Column-level metrics (under a property's quality):
metric |
What it checks | Arguments |
|---|---|---|
nullValues |
Count of NULL values in the column |
- |
missingValues |
Count of values matching a configurable missing-values list | arguments.missingValues: list of sentinel values (use null for SQL NULL) |
invalidValues |
Count of values that fail valid-value or pattern criteria | arguments.validValues: allowed values list and/or arguments.pattern: regex |
duplicateValues |
Count of duplicate non-NULL values in the column | - |
Table-level metrics (under a schema's quality):
metric |
What it checks | Arguments |
|---|---|---|
rowCount |
Total number of rows in the table | - |
duplicateValues |
Count of duplicate rows across specified columns | arguments.properties: list of column names to check |
All library metrics support unit: "percent" to return the result as a percentage of total rows instead of an absolute count. They also accept any of the standard check operators (mustBe, mustBeGreaterThan, etc.).
Example:
properties:
- name: town
quality:
- type: library
metric: nullValues
mustBe: 0
dimension: completeness
- name: flat_type
quality:
- type: library
metric: invalidValues
mustBe: 0
dimension: conformity
arguments:
validValues:
- 3 ROOM
- 4 ROOM
- 5 ROOM
- EXECUTIVE
quality:
- type: library
metric: rowCount
mustBeGreaterThan: 0
dimension: completeness
- type: library
metric: duplicateValues
mustBe: 0
dimension: uniqueness
arguments:
properties:
- month
- block
- street_name
In practice, a property like this:
- name: block
logicalType: string
logicalTypeOptions:
maxLength: 10
required: true
produces three generated check references pointing at:
| Check path | Check type |
|---|---|
$.schema[0].properties[...] |
DeclaredColumnExistsCheckReference |
$.schema[0].properties[...].logicalTypeOptions.maxLength |
LogicalTypeOptionsCheckReference |
$.schema[0].properties[...].required |
RequiredCheckReference |
Because string does not currently generate a SQL cast-based type check, the logicalType entry above contributes metadata for option checks rather than a standalone type-validation query. If you use integer, number, boolean, date, timestamp, or time, vowl also generates a logicalType SQL check automatically. You only need to define extra quality entries when you want custom business rules beyond the contract metadata.
Format Checks
The logicalTypeOptions.format key validates that column values conform to a declared format. The check generated depends on the column's logicalType:
Integer formats — validates that values fall within the range of a fixed-width integer type:
format |
Min | Max |
|---|---|---|
i8 |
-128 | 127 |
i16 |
-32,768 | 32,767 |
i32 |
-2,147,483,648 | 2,147,483,647 |
i64 |
-9,223,372,036,854,775,808 | 9,223,372,036,854,775,807 |
u8 |
0 | 255 |
u16 |
0 | 65,535 |
u32 |
0 | 4,294,967,295 |
u64 |
0 | 18,446,744,073,709,551,615 |
i128 and u128 are recognised but skipped because their ranges exceed what SQL engines can represent.

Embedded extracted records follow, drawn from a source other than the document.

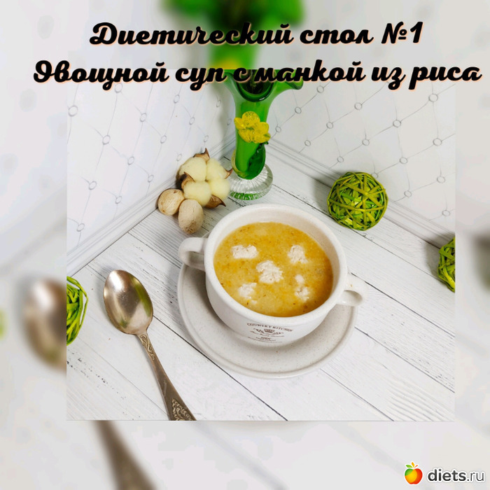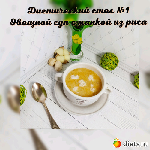 Овощной суп с рисовой манкой с фрикадельками приготовленными на пару 250 г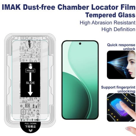Захист imak H Series створений спеціально для власників OPPO Reno14 Global, які втомилися від складної установки і пилу під плівкою. Унікальна пиловидаляюча камера Dust-free Chamber вирішує головну проблему — потрапляння частинок при наклеюванні. Загартоване скло 9H витримує щоденні подряпини від ключів і монет, зберігаючи первозний вигляд дисплея місяцями. Висока стійкість до стирання гарантує, що екран залишиться кришталево чистим навіть при активному використанні. Технологія Quick Response Unlock забезпечує миттєве розпізнавання відбитка пальця без затримок.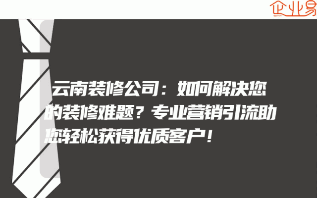 - 云南装修公司:如何解决您的装修难题?专业营销引流助您轻松获得优质客户!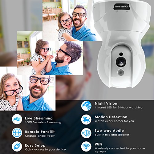 Wireless Security Camera,KAMTRON HD WiFi Security Surveillance IP Camera Home Monitor with Motion Detection Two-Way Audio Night Vision,White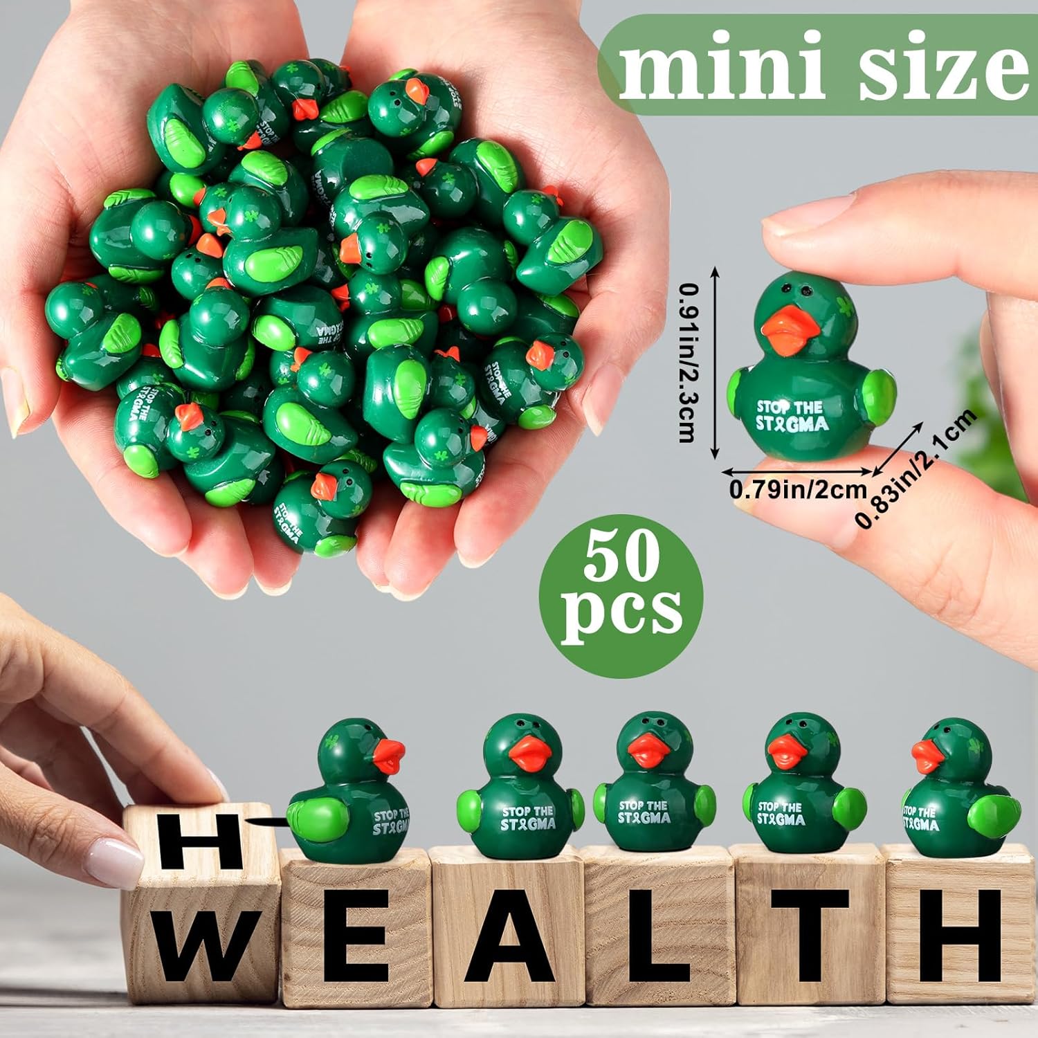 Realspring 50 Pcs Mental Health Awareness Duck Decor Mental Health Awareness Items Mini Resin Duck Figurine Miniature Animals Figurine Gifts for Family Coworkers Fundraiser(Green)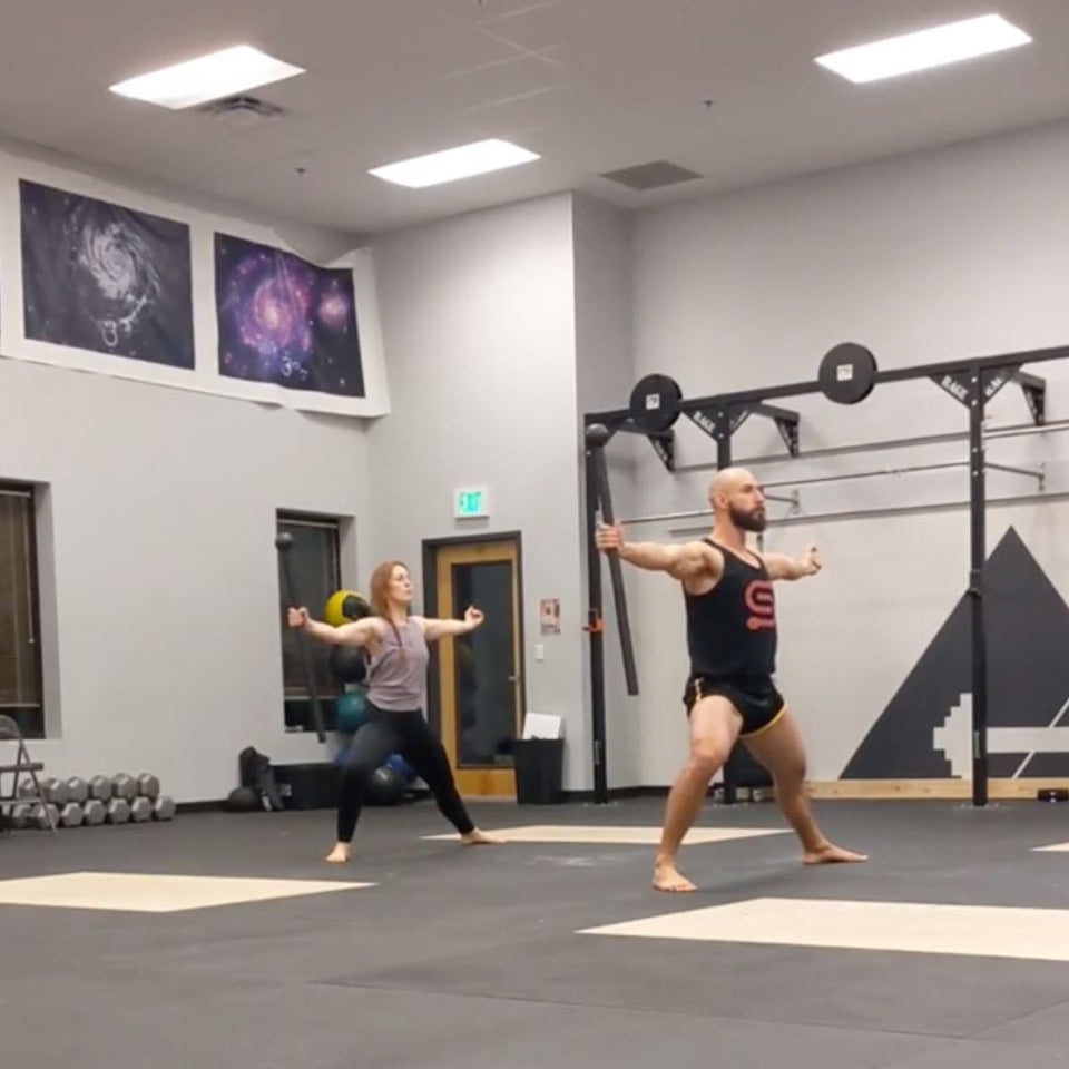 Coach Rich hitting a steel mace complex that combines multiple movements in multiple planes of motion.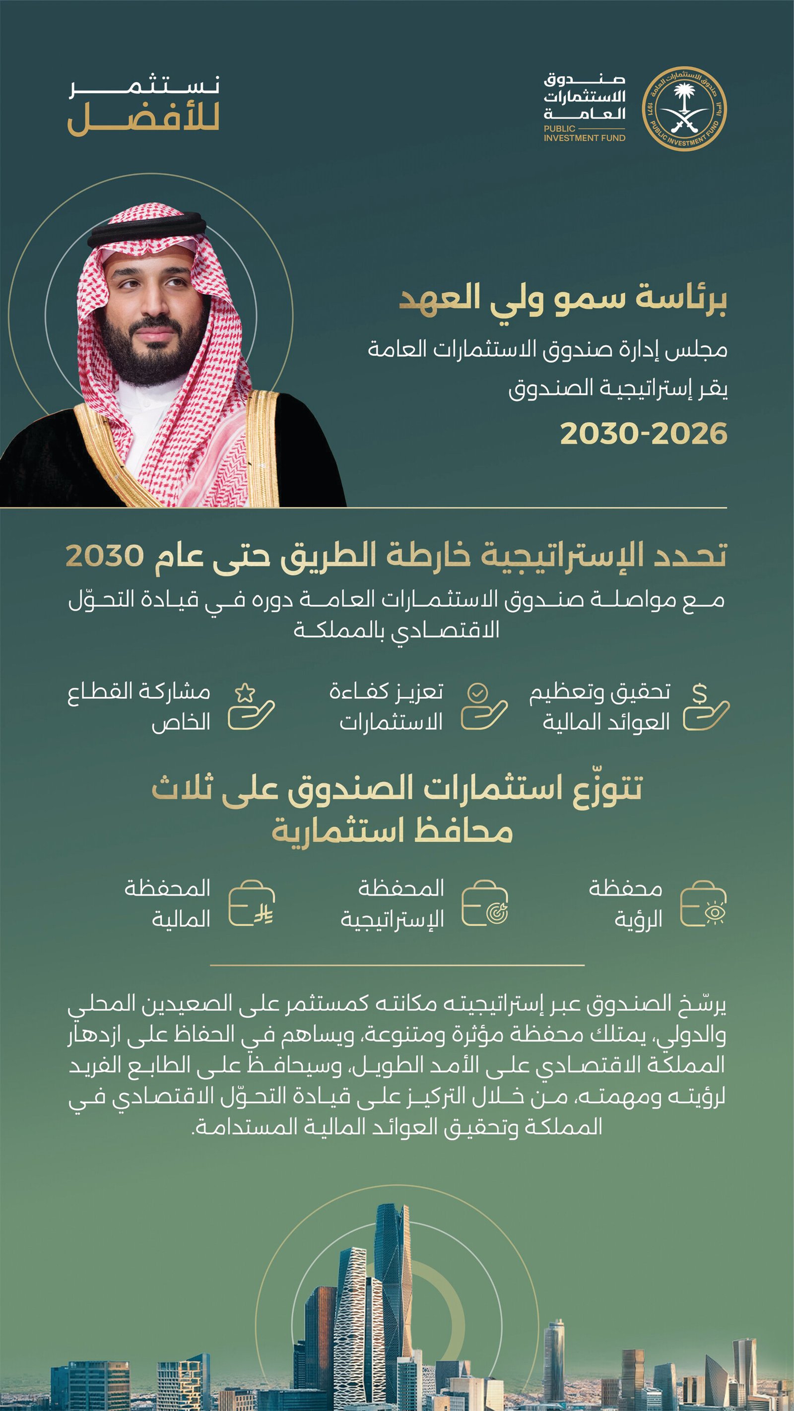 في الوقت الذي أقرّ فيه مجلس إدارة صندوق الاستثمارات العامة استراتيجية الصندوق 2026 - 2030، برئاسة صاحب السمو الملكي الأمير محمد بن سلمان بن عبدالعزيز آل سعود ولي العهد رئيس مجلس الوزراء رئيس مجلس إدارة صندوق الاستثمارات العامة -حفظه الله-، حيث سيركز الصندوق على بناء منظومات اقتصادية محلية بقدرة تنافسية عالية، بما يدعم التكامل بين القطاعات وتعظيم قيمة الأصول الاستراتيجية واستدامة العوائد، ومواصلة مسيرة التحوّل الاقتصادي في المملكة وتعزيز جودة حياة مواطنيها.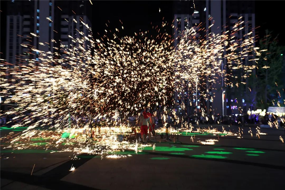 除了圍棋、古箏,現(xiàn)場還有焚香、插花、掛畫、點(diǎn)茶 等文人雅士風(fēng)俗體驗(yàn),也有蹴鞠、投壺等活動可以體驗(yàn),更有精彩絕倫的“打鐵花”非遺民俗表演,給予游客可食、可購、可看,有潮、有玩、有趣的假期氛圍。

String formats — validates values against a built-in regex pattern:
format |
What it checks |
|---|---|
uuid |
UUID v1-v5 hex format (xxxxxxxx-xxxx-xxxx-xxxx-xxxxxxxxxxxx) |
email |
Basic local@domain.tld structure |
ipv4 |
Dotted-decimal IPv4 address (0.0.0.0 - 255.255.255.255) |
ipv6 |
Full-form colon-separated IPv6 address |
hostname |
RFC-952 hostname with TLD |
uri |
URI with a valid scheme prefix (e.g. https:, s3:) |
password, byte, and binary are recognised but skipped because they cannot be validated against data.
Number formats — f32 and f64 are recognised but produce no check (metadata-only).
Date, timestamp and time formats — accepts a JDK DateTimeFormatter pattern (e.g. yyyy-MM-dd). vowl converts the pattern to a regex and validates that string-cast values match. Supported tokens include yyyy, yy, MM, dd, HH, mm, ss, SSS, and timezone offsets (X/XXX/Z). If a pattern contains tokens vowl cannot translate, the check is skipped with a warning.
- name: age
logicalType: integer
logicalTypeOptions:
format: u8 # 0 – 255
- name: request_id
logicalType: string
logicalTypeOptions:
format: uuid
- name: created_at
logicalType: timestamp
logicalTypeOptions:
format: "yyyy-MM-dd'T'HH:mm:ss.SSSXXX"
Validation Results
The validate_data function returns a powerful ValidationResult object that provides multiple ways to interact with your validation results.
Core Methods
| Method/Property | What It Does | Returns |
|---|---|---|
print_summary() |
Prints high-level statistics (pass/fail counts, success rate, performance) | self (chainable) |
show_failed_rows(max_rows=5) |
Displays sample of failed rows in console. Use max_rows=-1 for all rows. |
self (chainable) |
display_full_report(max_rows=5) |
Prints summary + shows failed rows (convenience method) | self (chainable) |
save(output_dir=".", prefix="vowl_results") |
Saves enhanced CSV and summary JSON to disk | self (chainable) |
get_output_dfs(checks=None) |
Returns per-check failed rows as {check_id: DataFrame} |
Dict[str, DataFrame] |
get_consolidated_output_dfs(checks=None) |
Deduplicates failed rows across checks, grouped by table | Dict[str, DataFrame] |
.passed (property) |
Boolean indicating if all checks passed | True/False |
Architecture
vowl has a modular architecture built around Ibis as the universal query layer.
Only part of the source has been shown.